After weeks of waiting for Kanye West’s highly anticipated Donda album, the project was finally released on August 29, 2021. Containing 27 songs, the alum has a run time of 1 hour and 49 minutes. While some feel that Donda didn’t live up to the hype that surrounded it, others feel like it’s a masterpiece that accurately puts Kanye’s genius on display. Either way, however, the album has so many songs that it can be a bit overwhelming, but there are several songs that really stand out above the rest. No matter how you feel about Kanye, it’s impossible not to admit that he knows a thing or two when it comes to creating memorable songs. Here are the five best songs from Donda.
Boasting a feature from the legendary rapper Jay-Z, “Jail” was probably one of the most heavily anticipated songs from the album. Needless to say, Jay-Z and Kanye didn’t disappoint. After years of what appeared to be a soured relationship between the two, fans were excited to hear the men on one track. They both clearly understood the assignment and the song is catchy without being corny. On top of that, there is a level of honesty in Kanye’s verse that is refreshing to hear given all of the things he’s publically endured over the last few years. Many people are hoping that this collaboration will be the first of many to come. In fact, there’s already been some talk that a sequel to Watch the Throne could be in the works.
2. Off The Grid
As a true creator, Kanye has always understood the power of collaboration, and he has never shied away from using features on his albums. “Off the Grid” is a great example of what can happen when talented artists come together and put their best foot forward. Featuring verses from Playboy Carti and Fivio Foreign (both of whom absolutely killed it), “Off the Grid” has a fun hook, but also has very solid verses. On the song, Kanye brings his usual level of confidence as he raps, “I gotta make sure they know who they messin’ with/I gotta tell ’em sorry, they too delicate/I gotta stay with God where the blessings is/I ain’t deliverin’ Heavenly messages just for the hell of it”.
3. Jesus Lord
One of the things that have made Kanye so successful over the years is the fact that he’s always been very versatile. While lots of artists tend to primarily stick to one type of song, Kanye has never been afraid to change lanes and along the way he’s shown that he can rap about practically anything. “Jesus Lord” is reminiscent of Kanye’s College Dropout days and the song touches on some very powerful subjects.
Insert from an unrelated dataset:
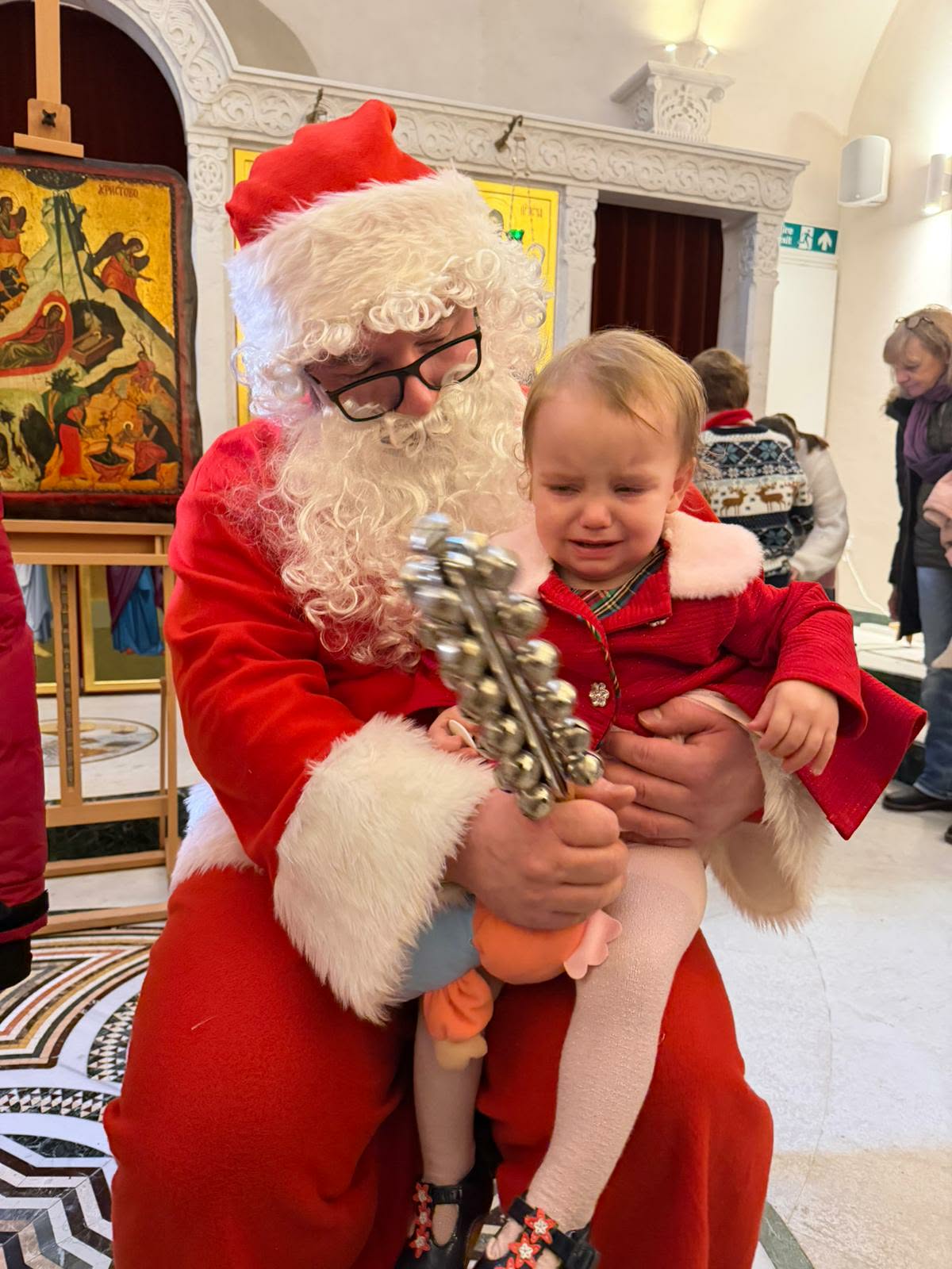Българският храм беше изпълнен с усмивки, вяра и надежда за по-добри дни. След литургията, която беше отслужена от отец Добромир, емоциите придобиха истински празничен заряд с тържествения концерт на децата, които посещават неделното училище към храма. Специално за децата в църквата пристигна и Дядо Коледа, който обърна специално внимание на най-малките.

In the first verse, Kanye raps, “God got you, the devil’s watchin’, he just peekin’ in/I know I madе a promise that I’d never let the reaper in (Jesus)/But lately, I’ve been losin’ all my deepest friends (Lord)/And lately, I’ve been swimmin’ on the deepest end/ It’s just drugs, it ain’t no hugs, it ain’t no love there”. The level of vulnerability he displays on the track is a powerful reminder of the fact that Kanye is still just. a person like the rest of us.
As the song continues, Kanye touches on subjects such as poverty, violence, and teen pregnancy. His ability to weave in elements of storytelling while still keeping the lyrics tight is something that lots of artists aren’t able to do.
4. Heaven and Hell
“Heaven and Hell” is short and sweet. Even though all of the features on Donda were pretty impressive, it’s nice to see Kanye West shine on his own. His flow is energetic without being sporadic, and he sounds like what many people would consider “the old Kanye”. That said, he also mixes in lots of references to God which is something he’s started to do more in recent years.
With features from The Weeknd and Lil Baby, Kanye definitely struck gold with this one. Surprisingly, though, for a song named “Hurricane” the track is relatively calm. Kanye’s verse is full of the confidence he’s known for, but it also blends in moments of vulnerability that are present in other parts of the album. In his verse, Kanye says, “It’s a lot to digest when your life always movin’/Architectural Digest, but I needed home improvement/Sixty-million-dollar home, never went home to it”. He also alludes to the pain that comes with being judged and the harsh realities that come with telling the truth.